Work task.
Transcribe every entry word for word, but skip the images.

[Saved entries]

-----

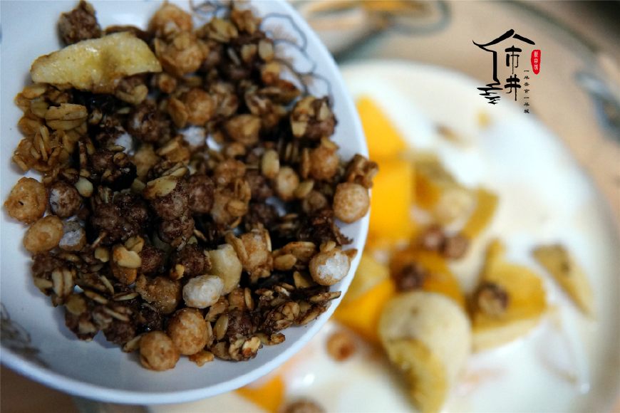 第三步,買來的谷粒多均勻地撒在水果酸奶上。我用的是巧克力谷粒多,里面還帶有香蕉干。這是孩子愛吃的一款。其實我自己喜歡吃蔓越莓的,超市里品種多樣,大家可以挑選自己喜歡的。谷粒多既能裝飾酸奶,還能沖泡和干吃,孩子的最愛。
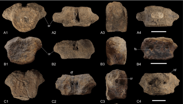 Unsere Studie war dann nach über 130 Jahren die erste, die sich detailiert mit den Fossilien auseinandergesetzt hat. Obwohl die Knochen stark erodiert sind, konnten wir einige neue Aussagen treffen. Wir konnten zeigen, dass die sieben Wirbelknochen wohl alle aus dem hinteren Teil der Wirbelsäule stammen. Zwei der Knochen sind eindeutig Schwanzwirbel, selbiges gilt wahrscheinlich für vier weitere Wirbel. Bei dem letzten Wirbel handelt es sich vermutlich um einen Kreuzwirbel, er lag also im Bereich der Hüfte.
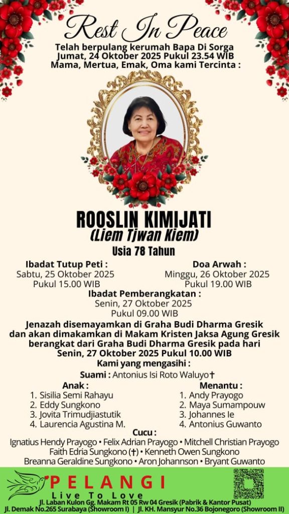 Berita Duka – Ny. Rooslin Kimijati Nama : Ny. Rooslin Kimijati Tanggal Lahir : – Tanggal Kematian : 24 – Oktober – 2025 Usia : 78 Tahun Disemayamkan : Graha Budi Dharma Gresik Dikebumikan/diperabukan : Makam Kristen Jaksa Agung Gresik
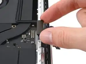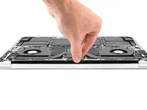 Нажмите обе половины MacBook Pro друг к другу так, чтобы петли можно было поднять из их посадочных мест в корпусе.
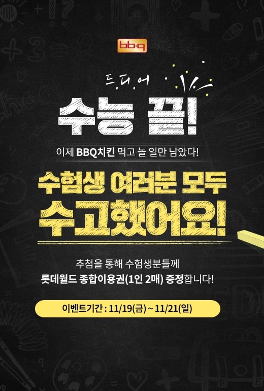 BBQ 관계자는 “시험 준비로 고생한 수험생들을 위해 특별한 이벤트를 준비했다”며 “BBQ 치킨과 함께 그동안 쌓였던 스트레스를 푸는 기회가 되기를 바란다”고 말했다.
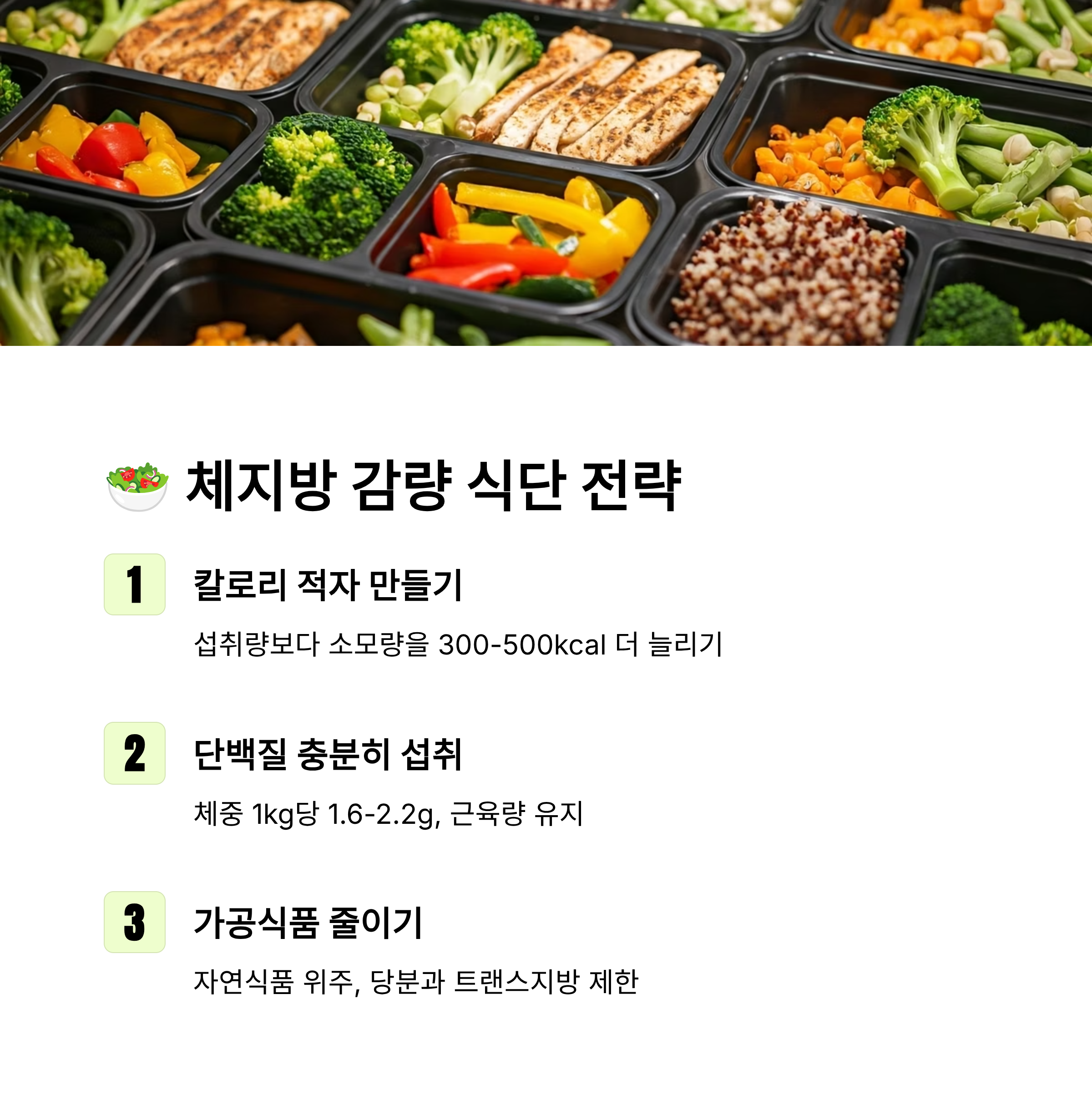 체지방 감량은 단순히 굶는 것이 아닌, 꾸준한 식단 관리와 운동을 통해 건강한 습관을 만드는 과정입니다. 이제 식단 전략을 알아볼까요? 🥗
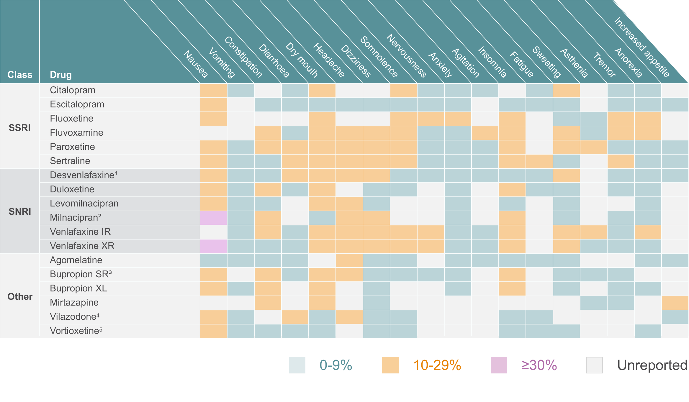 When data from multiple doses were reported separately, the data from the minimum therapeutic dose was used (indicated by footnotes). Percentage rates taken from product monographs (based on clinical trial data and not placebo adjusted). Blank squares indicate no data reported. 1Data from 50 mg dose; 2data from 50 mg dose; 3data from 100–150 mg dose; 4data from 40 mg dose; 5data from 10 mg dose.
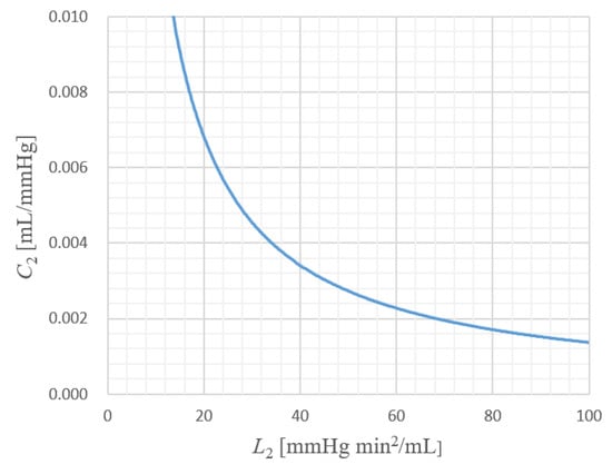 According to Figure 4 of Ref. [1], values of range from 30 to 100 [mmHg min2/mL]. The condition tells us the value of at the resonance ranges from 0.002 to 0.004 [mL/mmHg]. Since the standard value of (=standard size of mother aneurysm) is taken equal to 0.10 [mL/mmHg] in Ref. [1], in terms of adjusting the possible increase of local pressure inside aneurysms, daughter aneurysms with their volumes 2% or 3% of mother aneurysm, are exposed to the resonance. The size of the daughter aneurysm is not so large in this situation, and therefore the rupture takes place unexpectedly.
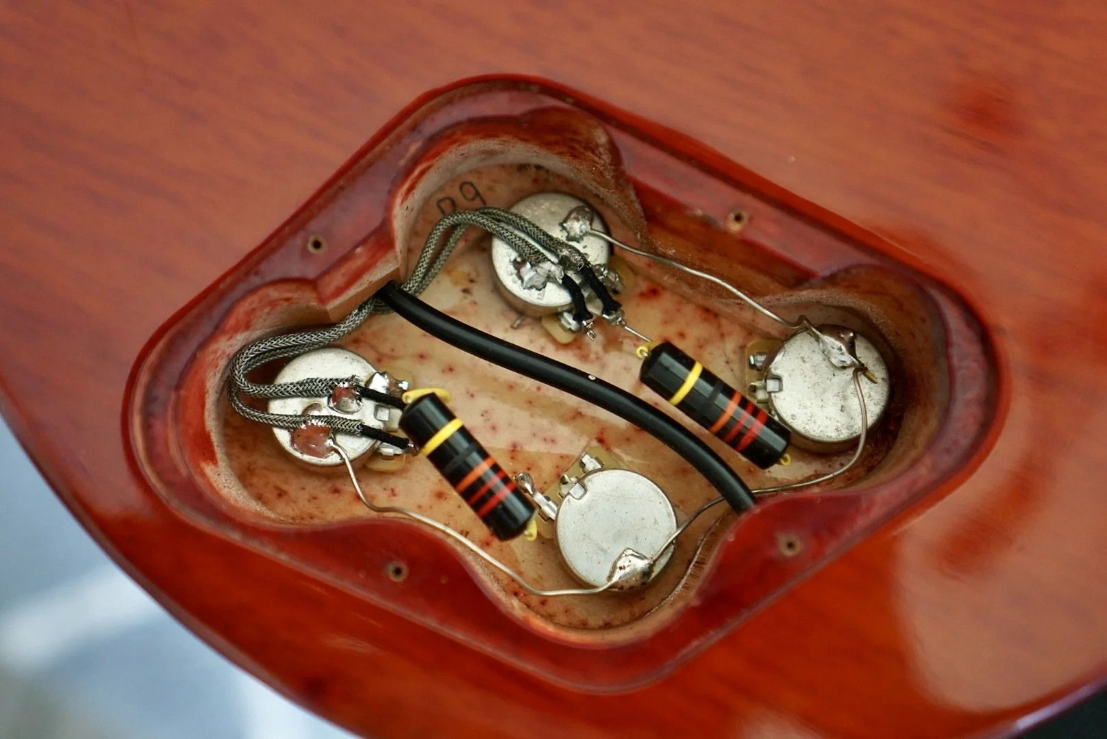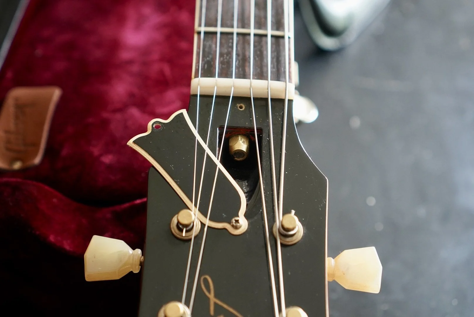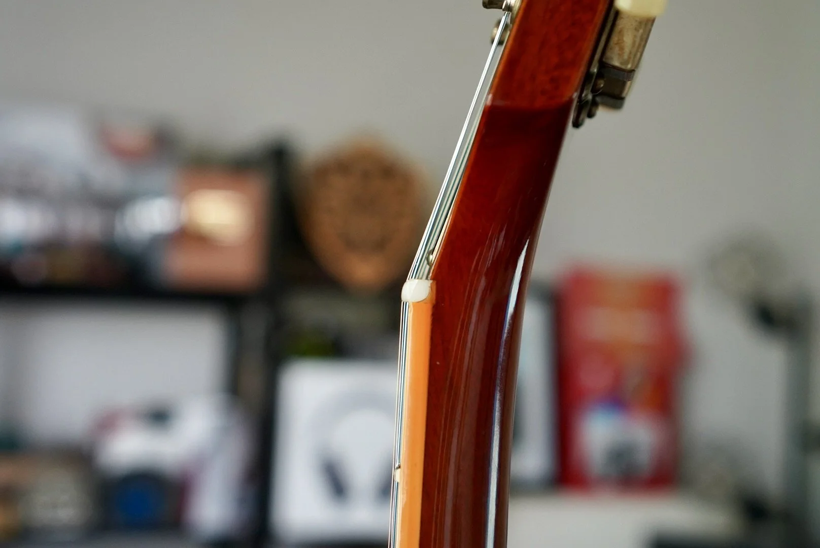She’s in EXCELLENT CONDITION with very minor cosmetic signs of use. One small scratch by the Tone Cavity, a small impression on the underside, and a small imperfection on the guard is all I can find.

-----

Answer space.
 第三步,買來的谷粒多均勻地撒在水果酸奶上。我用的是巧克力谷粒多,里面還帶有香蕉干。這是孩子愛吃的一款。其實我自己喜歡吃蔓越莓的,超市里品種多樣,大家可以挑選自己喜歡的。谷粒多既能裝飾酸奶,還能沖泡和干吃,孩子的最愛。
 Unsere Studie war dann nach über 130 Jahren die erste, die sich detailiert mit den Fossilien auseinandergesetzt hat. Obwohl die Knochen stark erodiert sind, konnten wir einige neue Aussagen treffen. Wir konnten zeigen, dass die sieben Wirbelknochen wohl alle aus dem hinteren Teil der Wirbelsäule stammen. Zwei der Knochen sind eindeutig Schwanzwirbel, selbiges gilt wahrscheinlich für vier weitere Wirbel. Bei dem letzten Wirbel handelt es sich vermutlich um einen Kreuzwirbel, er lag also im Bereich der Hüfte.
 Berita Duka – Ny. Rooslin Kimijati Nama : Ny. Rooslin Kimijati Tanggal Lahir : – Tanggal Kematian : 24 – Oktober – 2025 Usia : 78 Tahun Disemayamkan : Graha Budi Dharma Gresik Dikebumikan/diperabukan : Makam Kristen Jaksa Agung Gresik
 Нажмите обе половины MacBook Pro друг к другу так, чтобы петли можно было поднять из их посадочных мест в корпусе.
 BBQ 관계자는 “시험 준비로 고생한 수험생들을 위해 특별한 이벤트를 준비했다”며 “BBQ 치킨과 함께 그동안 쌓였던 스트레스를 푸는 기회가 되기를 바란다”고 말했다.
 체지방 감량은 단순히 굶는 것이 아닌, 꾸준한 식단 관리와 운동을 통해 건강한 습관을 만드는 과정입니다. 이제 식단 전략을 알아볼까요? 🥗
 When data from multiple doses were reported separately, the data from the minimum therapeutic dose was used (indicated by footnotes). Percentage rates taken from product monographs (based on clinical trial data and not placebo adjusted). Blank squares indicate no data reported. 1Data from 50 mg dose; 2data from 50 mg dose; 3data from 100–150 mg dose; 4data from 40 mg dose; 5data from 10 mg dose.
 According to Figure 4 of Ref. [1], values of range from 30 to 100 [mmHg min2/mL]. The condition tells us the value of at the resonance ranges from 0.002 to 0.004 [mL/mmHg]. Since the standard value of (=standard size of mother aneurysm) is taken equal to 0.10 [mL/mmHg] in Ref. [1], in terms of adjusting the possible increase of local pressure inside aneurysms, daughter aneurysms with their volumes 2% or 3% of mother aneurysm, are exposed to the resonance. The size of the daughter aneurysm is not so large in this situation, and therefore the rupture takes place unexpectedly.
She’s in EXCELLENT CONDITION with very minor cosmetic signs of use. One small scratch by the Tone Cavity, a small impression on the underside, and a small imperfection on the guard is all I can find.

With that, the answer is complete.